还有一个问题就是,当你多次请求该页面,该页面会把你当成网络攻击器,拒绝你访问。并报出429 430错误。
Exception in thread "main" org.jsoup.HttpStatusException: HTTP error fetching URL. Status=429, URL=https://www.ele.me/restapi/shopping/v2/menu?restaurant_id=157108780
at org.jsoup.helper.HttpConnection$Response.execute(HttpConnection.java:679)
at org.jsoup.helper.HttpConnection$Response.execute(HttpConnection.java:628)
at org.jsoup.helper.HttpConnection.execute(HttpConnection.java:260)
at com.yc.elm.utils.DataUtil.parseFoods(DataUtil.java:51)
at com.yc.elm.utils.DataUtil.main(DataUtil.java:33)
Exception in thread "main" org.jsoup.HttpStatusException: HTTP error fetching URL. Status=430, URL=https://www.ele.me/restapi/shopping/restaurants?extras%255B%255D=activities&geohash=wx4erybdnx4&latitude=39.98375&limit=24&longitude=116.35717&offset=0&terminal=web
at org.jsoup.helper.HttpConnection$Response.execute(HttpConnection.java:679)
at org.jsoup.helper.HttpConnection$Response.execute(HttpConnection.java:628)
at org.jsoup.helper.HttpConnection.execute(HttpConnection.java:260)

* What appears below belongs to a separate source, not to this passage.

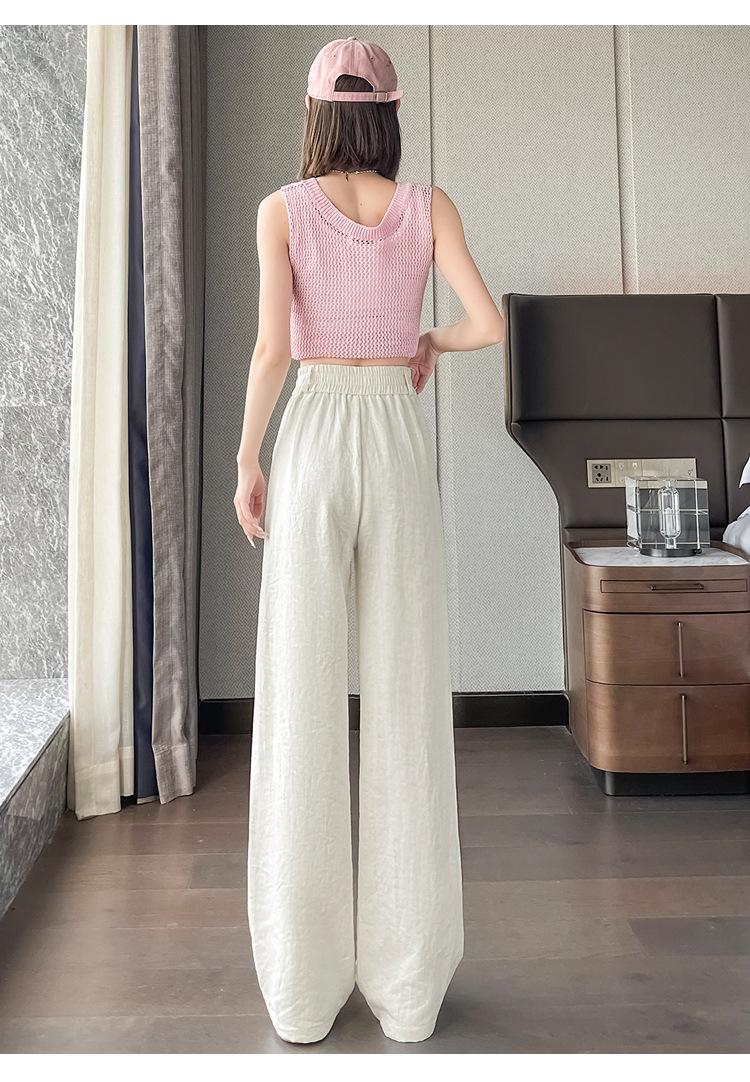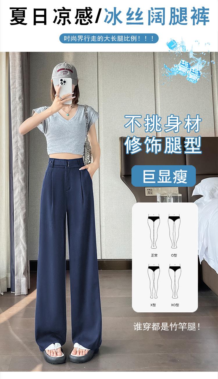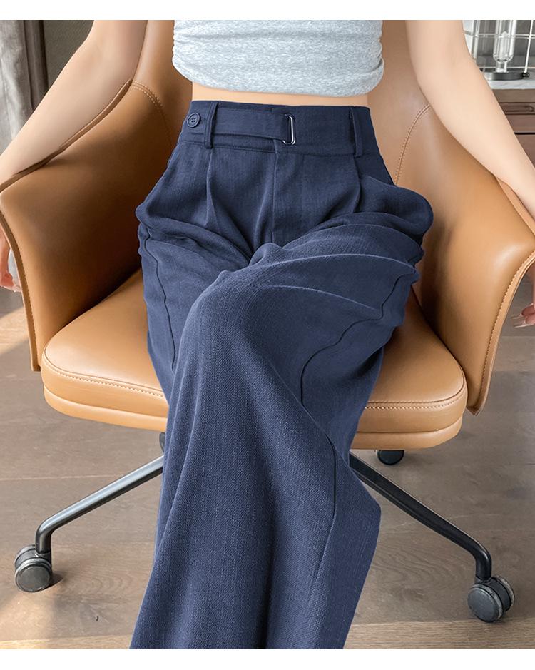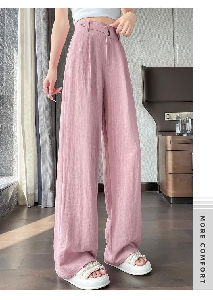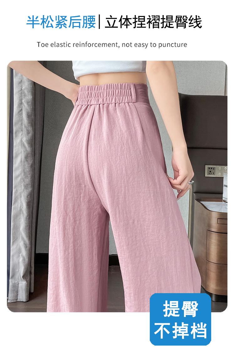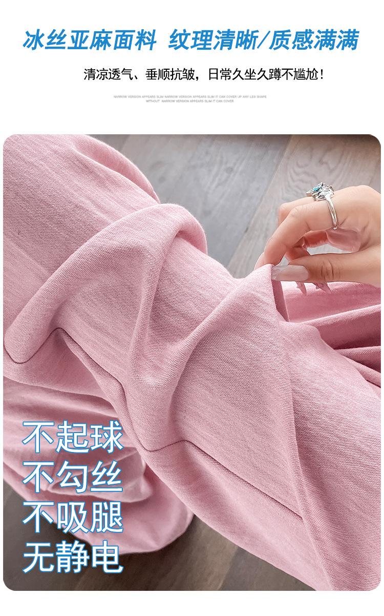 Verano 2025 Nueva Llegada Pantalones de Lino de Cintura Alta Seda Hielo Pierna Ancha Pantalones Holgados Rectos Casuales con Caída para Mujer

at com.yc.elm.utils.DataUtil.main(DataUtil.java:27)
429 Too Many Requests (太多请求)
当你需要限制客户端请求某个服务数量时,该状态码就很有用,也就是请求速度限制。
在此之前,有一些类似的状态码,例如 '509 Bandwidth Limit Exceeded'. Twitter 使用 420 (这不是HTTP定义的状态码)
如果你希望限制客户端对服务的请求数,可使用 429 状态码,同时包含一个 Retry-After 响应头用于告诉客户端多长时间后可以再次请求服务。
报429后 隔段时间再次访问还是可以,一旦报430,就必须更换IP地址,这里没有对伪装IP和配置代理进行下一步研究,这个问题暂时没有解决。亲测,这里可以用代码模拟下拉三个页面。
结果:
数据量还是太小,但这是一个好的开始。